Furosemide is available in oral (tablets, suspensions) and parenteral formulations. Compounded liquids (from tablets) may be better tolerated in cats than the commercially available, alcohol-based, 1% syrup.

All loop diuretics inhibit sodium, potassium, and chloride reabsorption in the thick portion of the ascending loop of Henle, leading to inhibition of sodium and commensurate water reabsorption in the nephron. Furosemide diuresis results in enhanced excretion of sodium, chloride, potassium, hydrogen, calcium, magnesium, and possibly phosphate. Chloride excretion is equal to or exceeds sodium excretion. Enhanced hydrogen ion excretion without a concomitant increase in bicarbonate excretion can result in metabolic alkalosis. Despite the increase in net acid excretion, urinary pH falls slightly after furosemide administration, while urine specific gravity is generally reduced to approximately 1.006–1.020.

In addition to its diuretic effects, furosemide acts as a mild systemic venodilator, decreasing systemic venous pressure before diuresis occurs, especially after IV administration. Furosemide decreases renal vascular resistance. Thus, it acutely increases renal blood flow (~50%) without changing glomerular filtration rate.
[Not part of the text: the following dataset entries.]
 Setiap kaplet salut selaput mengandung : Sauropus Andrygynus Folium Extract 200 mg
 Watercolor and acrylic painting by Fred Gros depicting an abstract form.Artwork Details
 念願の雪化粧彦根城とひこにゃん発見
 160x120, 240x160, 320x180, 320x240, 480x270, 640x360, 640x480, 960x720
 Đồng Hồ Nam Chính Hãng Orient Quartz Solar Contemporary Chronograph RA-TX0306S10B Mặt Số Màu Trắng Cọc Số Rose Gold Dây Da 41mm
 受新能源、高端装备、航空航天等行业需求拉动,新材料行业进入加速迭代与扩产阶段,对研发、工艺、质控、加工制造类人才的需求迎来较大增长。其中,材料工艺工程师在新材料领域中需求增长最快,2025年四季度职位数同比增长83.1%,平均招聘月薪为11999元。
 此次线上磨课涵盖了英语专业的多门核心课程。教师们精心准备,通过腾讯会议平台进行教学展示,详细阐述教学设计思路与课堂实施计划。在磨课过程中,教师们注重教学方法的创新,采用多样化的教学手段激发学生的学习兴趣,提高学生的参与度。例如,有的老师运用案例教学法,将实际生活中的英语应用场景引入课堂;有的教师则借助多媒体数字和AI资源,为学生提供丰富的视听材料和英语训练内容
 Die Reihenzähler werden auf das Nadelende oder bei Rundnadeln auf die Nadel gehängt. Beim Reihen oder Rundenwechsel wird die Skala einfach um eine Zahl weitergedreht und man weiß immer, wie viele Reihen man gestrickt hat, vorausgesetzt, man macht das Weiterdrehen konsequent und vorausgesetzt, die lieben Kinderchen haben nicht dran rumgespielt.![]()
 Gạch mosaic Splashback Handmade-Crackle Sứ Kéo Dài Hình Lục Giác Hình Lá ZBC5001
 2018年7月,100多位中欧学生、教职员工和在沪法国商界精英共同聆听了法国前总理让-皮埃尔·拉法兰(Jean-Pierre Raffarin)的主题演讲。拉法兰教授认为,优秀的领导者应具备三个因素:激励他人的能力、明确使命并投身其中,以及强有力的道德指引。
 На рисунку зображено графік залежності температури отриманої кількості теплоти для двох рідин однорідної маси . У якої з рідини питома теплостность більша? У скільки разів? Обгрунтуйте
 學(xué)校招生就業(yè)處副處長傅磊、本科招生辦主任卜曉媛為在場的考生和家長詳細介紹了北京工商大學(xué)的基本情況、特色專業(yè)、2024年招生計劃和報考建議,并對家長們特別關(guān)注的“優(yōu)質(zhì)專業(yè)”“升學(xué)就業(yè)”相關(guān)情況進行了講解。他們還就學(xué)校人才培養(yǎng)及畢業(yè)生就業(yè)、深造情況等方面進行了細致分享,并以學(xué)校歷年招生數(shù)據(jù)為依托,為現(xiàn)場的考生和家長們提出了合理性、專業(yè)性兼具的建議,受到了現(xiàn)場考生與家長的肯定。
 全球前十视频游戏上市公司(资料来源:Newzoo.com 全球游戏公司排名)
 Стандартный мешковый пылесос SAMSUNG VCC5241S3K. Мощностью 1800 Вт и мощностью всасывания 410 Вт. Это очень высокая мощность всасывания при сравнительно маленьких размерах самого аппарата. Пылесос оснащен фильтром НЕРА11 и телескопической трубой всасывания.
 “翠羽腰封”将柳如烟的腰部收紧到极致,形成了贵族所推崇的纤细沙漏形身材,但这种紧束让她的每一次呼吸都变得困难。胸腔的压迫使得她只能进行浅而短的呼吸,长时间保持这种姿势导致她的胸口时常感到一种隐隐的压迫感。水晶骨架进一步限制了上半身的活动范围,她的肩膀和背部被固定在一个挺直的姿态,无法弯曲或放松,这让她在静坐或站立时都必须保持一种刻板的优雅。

Furosemide is highly protein bound (86%–91%). The ratio of kidney to plasma concentration is 5:1. A small amount of furosemide (1%–14%) is metabolized to a glucuronide derivative in dogs, but this metabolism does not occur in the liver. In dogs, ~45% of furosemide is excreted in the bile and 55% in the urine. After IV administration, furosemide has an elimination half-life of ~1 hr, and its onset of action is within 5 min; peak effects occur within 30 min, and duration of effect is 2–3 hr. Approximately 50% of the drug is cleared from the body within the first 30 min, 90% within the first 2 hr, and almost all is eliminated within 3 hr.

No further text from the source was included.